Question: What is the current temperature at the city where John Cena was born in Celcius?
Thought: I need to search for the city John Cena was born in, then find the current temperature for that city, then convert the temperature to Celsius.
Action: Search[City where John cena was born]
Observation: Cena was born in West Newbury, Massachusetts.
Thought: I have to find the current temperature in West Newbury, Massachusetts.
Action: WeatherLookup[West Newbury, Massachusetts]
Observation: 81°F. Sunshine to start, then a few afternoon clouds. High 81F. Winds WNW at 5 to 10 mph. 45% humidity.
Thought: I have to convert 81°F to Celsius.
Action: UnitConversion[FahrenheitToCelcius, 81]
Observation: 27.2
Thought: The answer is 27.2 degrees Celsius.
Action: Finish[27.2 degrees Celsius]

How to use Langchain Agents

Langchain is a Python library (as well as JS/TS) that is very useful for rapidly getting started on integrating LLMs in your applications. It has many prompting strategies available out of the box and also many Agents.
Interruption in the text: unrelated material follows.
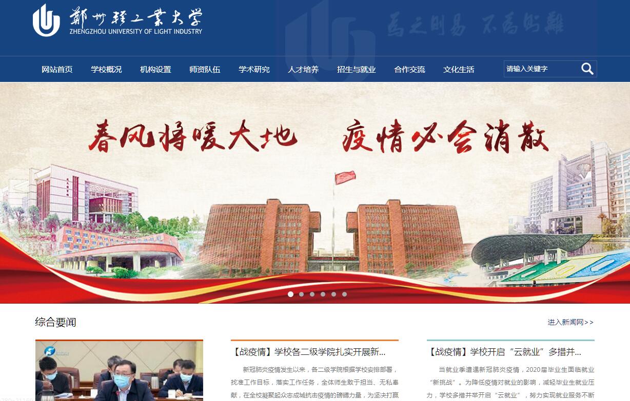 郑州轻工业学院位于河南省会郑州市,是河南省重点建设高校。建校以来,学校秉承“为之则易、不为则难”的校训,抓住国家促进高等教育发展的历史机遇,不断开拓创新、砥砺奋进,经过40多年的发展,已经成为一所以工为主,工、理、文、艺、经、管、法、教、农等多学科协调发展的普通本科院校。学校创建于1977年,原隶属国家轻工业部;1998年转属河南省人民政府;2009年被列为河南省博士学位授予单位立项建设高校;2011年河南省人民政府和国家烟草专卖局签约共建郑州轻工业学院;2018年被确定为河南省博士学位授予重点立项建设单位。学校办学特色鲜明,学科优势突出,近年来,大力推进教育教学改革,不断调整优化学科专业结构,教育质量稳步提高。学校拥有14个一级学科硕士授权点、11个二级学科硕士授权点。学校现有65个本科专业,其中4个国家级特色专业建设点,1个国家级专业综合改革试点专业,6个教育部“卓越工程师教育培养计划”试点专业,14个省级特色专业建设点,13个省级专业综合改革试点专业,有20门国家级和省级精品课程、10门省级精品资源共享课程、1门省级精品视频公开课、4门省级双语示范课程,有8个省级教学团队、11个省级实验教学示范中心。学校高度重视学科建设,主动适应经济社会和行业发展需要,不断凝练学科方向,突出学科特色。目前拥有河南省优势特色学科“食品科学与工程”,省级一级学科重点学科14个、省级二级学科重点学科3个,食品科学与工程、化学工程与技术、电气工程、机械工程等传统优势学科实力雄厚。师资队伍 学校始终坚持办学以人才为本、以教师为主体,大力推进人才强校战略,汇聚和造就了一批高水平学科带头人和学术骨干。学校现有教职工1800余人,其中拥有博士学位教师600余人。拥有双聘院士、国家“千人计划”人选、国家“万人计划”教学名师、河南省“百人计划”人选、省级特聘教授、享受政府津贴专家、省管优秀专家、省级中青年骨干教师、省厅级以上学术技术带头人等200余人,形成了以院士及河南省特聘教授为核心,以学术造诣深厚的教授、博士为中坚,以中青年教师为支撑的专业技术职务、学历层次和年龄结构比较合理,专兼结合,具有较高教学科研水平的师资队伍。学校持续推进“招生-培养-就业”联动改革,人才培养质量稳步提升。学校现有在校生20000余人。学校一直面向全国招生,已为国家输送 10 余万名毕业生,毕业生整体就业率始终保持在95%以上,学校被评为“全国毕业生就业典型经验高校”“河南省普通高校毕业生就业工作优秀单位”和“河南最具就业竞争力示范院校”。全国烟草行业、家电行业、电池行业、食品行业、工业设计行业的大批中高层管理人员和技术骨干都是我校的毕业生。学校获得“全国贯彻《学校体育工作条例》优秀高等学校”“全国高校军训先进单位”“河南公众最满意的十佳本科院校”“河南最具影响力的十大教育品牌”“河南考生心目中最理想的高校”等荣誉称号。科学研究 学校设有环境污染治理与生态修复河南省协同创新中心、食品生产与安全河南省协同创新中心、河南省信息化电器重点实验室、河南省表界面科学重点实验室、河南省机械装备智能制造重点实验室、国家烟草专卖局烟草工业生物技术重点实验室、应急平台信息技术河南省工程实验室等省部级学科平台27个,加入了河南省国家大学科技园。学校拥有1个教育部科技创新团队、15个河南省科技创新团队。近五年,承担包括国家科技支撑计划项目、国家自然科学基金项目和国家社会科学基金项目在内的各类纵横向科研项目1800多项,其中承担国家级科研课题200余项,获国家级科技奖励3项、省部级奖励90余项。自然科学研究论文被SCI、EI、ISTP收录的数量1000余篇,出版专著和教材400余部。《轻工学报》是中国科技核心期刊、中国高校优秀科技期刊;《郑州轻工业学院学报》(社会科学版)是全国优秀社科学报、河南省二十佳期刊。社会服务 学校与郑州市、许昌市、济源市等地市签订了合作协议,与国内一批烟草企业建立了战略联盟,与轻工及相关领域的大型企业如三全、双汇等知名食品企业,新飞、海尔等知名家电企业保持着长期而深入的合作关系,为其提供重要的技术支持;香精香料、动力锂离子电池、新型功能材料、食品加工、轻工机械、智能控制的研究等项目,在实现产业化方面进行了积极的探索,并长年为红塔集团、海尔集团、美的集团、神马集团等著名企业提供技术和人才支持。办学条件 学校现有东风校区、科学校区和禹州实习实训基地,占地面积2100余亩,校舍建筑面积75万平方米。学校设施先进,环境优美,教学科研仪器设备总值近7亿元,拥有600MHz超导核磁共振波谱仪、X射线光电子能谱仪、X射线衍射仪、气相色谱四级杆飞行时间质谱仪、稳态瞬态荧光光谱仪、透射电子显微镜、热场发射扫描电子显微镜、高分辨液相色谱质谱联用仪等一大批先进的仪器设备;拥有电子图书系统和计算机网络服务体系,Elsevier、Wiley、IEEE、SCI和中国知网全库等数据库176个,其中外文数据库86个。拥有功能齐全、覆盖全校的千兆校园网,出口带宽达到27G。建有河南省教育信息港,是河南省智慧校园建设示范学校。对外交流 学校在利用国际和社会教育资源开展合作办学方面走在河南高校的

You can get started writing tools of your own using Langchain’s tools, like this (VERY IMPORTANT: give the function a docstring description, this will be used by the agent to choose what tool to use):

from langchain.agents import tool

@tool
def unit_conversion(units,value):
"""Converts a given unit to another unit. To convert from Fahrenfeit to Celcius, give FahrenheitToCelcius as first parameter, then the value as second parameter"""
if units == "FahrenheitToCelcius":
return (5/9)*(value - 32)
else:
raise Exception("Invalid type of unit conversion")

Afterwards, use this tool along with your agent of choice, also with Langchain:

from langchain.llms import OpenAI
from langchain.agents import initialize_agent, AgentType

# We will use OpenAI's GPT as the LLM
llm = OpenAI(temperature=0)

# We will create the Agent
agent = initialize_agent([unit_conversion], llm, agent=AgentType.ZERO_SHOT_REACT_DESCRIPTION, verbose=True)
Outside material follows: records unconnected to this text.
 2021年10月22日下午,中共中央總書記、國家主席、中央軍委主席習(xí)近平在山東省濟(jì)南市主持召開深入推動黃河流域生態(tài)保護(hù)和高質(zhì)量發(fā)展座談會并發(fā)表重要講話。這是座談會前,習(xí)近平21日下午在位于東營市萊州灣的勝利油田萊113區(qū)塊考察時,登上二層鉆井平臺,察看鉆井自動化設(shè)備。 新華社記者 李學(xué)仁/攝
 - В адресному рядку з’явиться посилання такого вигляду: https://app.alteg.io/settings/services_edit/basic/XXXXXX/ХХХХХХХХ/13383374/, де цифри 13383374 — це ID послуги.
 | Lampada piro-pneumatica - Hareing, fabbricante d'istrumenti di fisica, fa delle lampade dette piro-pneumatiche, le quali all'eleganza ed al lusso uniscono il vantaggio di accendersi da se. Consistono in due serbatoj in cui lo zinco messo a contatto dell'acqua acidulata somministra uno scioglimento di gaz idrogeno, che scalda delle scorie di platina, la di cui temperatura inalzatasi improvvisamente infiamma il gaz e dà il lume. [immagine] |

agent.run("What is 81 degrees Fahrenheit in Celsius?")

You can learn more about Langchain and its tools by visiting its documentation.

It looks like Agents are going to bring a lot more capabilities to LLMs in the recent future. As these new capabilities roll out to applications and tools, more outstanding things will be possible. I’m very curious and looking forward to the new possibilities.